In order to more clearly illustrate the technical solutions in the embodiments of the present application, the drawings needed to be used in the description of the embodiments are briefly introduced below, and it is obvious that the drawings in the following description are only some embodiments of the present application, and it is obvious for those skilled in the art to obtain other drawings based on these drawings without creative efforts.

FIG. 1 is a flowchart illustrating an overall method for generating a high-quality image of an anti-net by introducing an auto-supervised multitask training according to an embodiment of the present invention.

FIG. 2 is a flow chart of an image processing module according to an embodiment of the present invention; the method comprises three states of image data, wherein the state 1 is an initial state of the image data in a batch, the state 2 is a state after each image is cut into 4 image blocks, and the state 3 is a state after all the image blocks are randomly disordered, randomly rotated and spliced to obtain a batch of spliced image data.

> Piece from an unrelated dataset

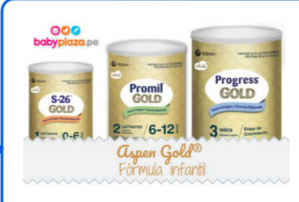
Tipos de leche

Fig. 3 is an overall structure diagram of a network model according to an embodiment of the present invention.

Fig. 4 is a block diagram of a generator network according to an embodiment of the present invention.

Fig. 5 is a block diagram of a deconvolution module in a generator network according to an embodiment of the present invention.

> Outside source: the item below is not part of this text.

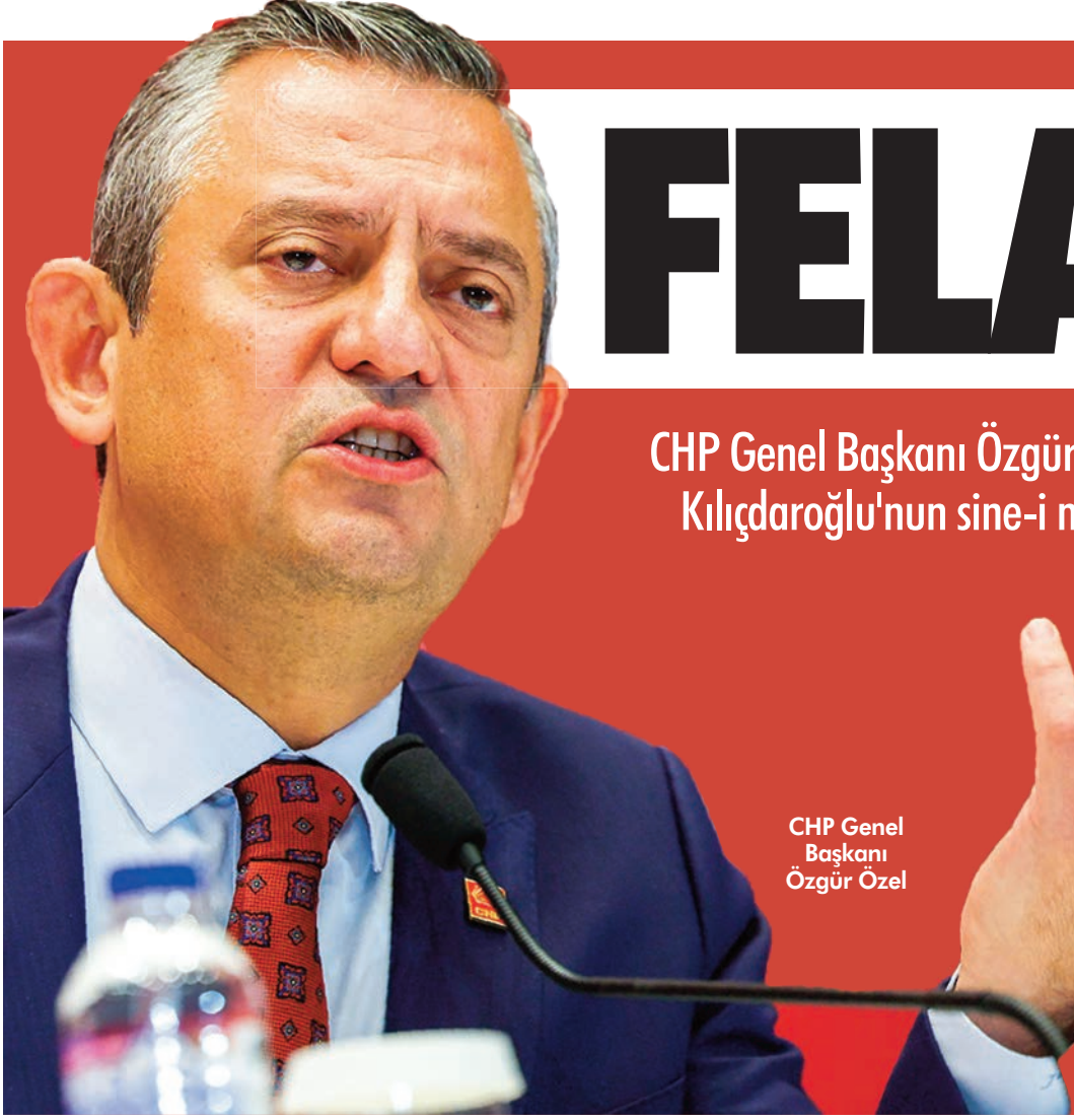
CHP Genel Başkanı Özgür Özel

CHP Genel Başkanı Özgür Özel, CHP grup toplantısını dün Avcılar'da yaptı ve önemli mesajlar verdi. Selefi Kılıçdaroğlu'nun sine-i millet çıkışına tepki gösteren Özel, "Sine-i millet demek istifa et git demek, seçime zorlamak için. Bizim sine-i millet ara seçim doğurur; felaket doğurur. Mecliste kalıp erken seçim için her mücadeleyi yapmak lazım" dedi

Fig. 6 is a structural diagram of a local arbiter network according to an embodiment of the present invention.

Fig. 7 is a structural diagram of a convolution module in the local arbiter according to an embodiment of the present invention.

FIG. 8 is a block diagram of a feature partitioning module according to an embodiment of the present invention.

FIG. 9 is a block diagram of a system for generating a high quality image of an anti-net by introducing an auto-supervised multitask training according to an embodiment of the present invention.

Fig. 10 is a block diagram of an electronic device according to an embodiment of the invention.

Detailed Description

In order to make the technical solutions better understood by those skilled in the art, the technical solutions in the embodiments of the present application will be clearly and completely described below with reference to the drawings in the embodiments of the present application. It is to be understood that the embodiments described are only a few embodiments of the present application and not all embodiments. All other embodiments, which can be derived by a person skilled in the art from the embodiments given herein without making any creative effort, shall fall within the protection scope of the present application.

Reference in the specification to "an embodiment" means that a particular feature, structure, or characteristic described in connection with the embodiment can be included in at least one embodiment of the specification. The appearances of the phrase in various places in the specification are not necessarily all referring to the same embodiment, nor are separate or alternative embodiments mutually exclusive of other embodiments. It is explicitly and implicitly understood by one skilled in the art that the embodiments described herein can be combined with other embodiments.

Referring to fig. 1, the embodiment provides a method for generating a high-quality image of an anti-network by introducing an auto-supervised multitask training, including the following steps:

s1, preparing a training data set comprising an original image data set and a spliced image data set;

furthermore, the original image data set is used as an input of a countertraining branch, and public data sets of Cifar-10, CelebA, ImageNet 32X 32, STL-10 and the like are obtained as the original image data set of the method through a network search engine.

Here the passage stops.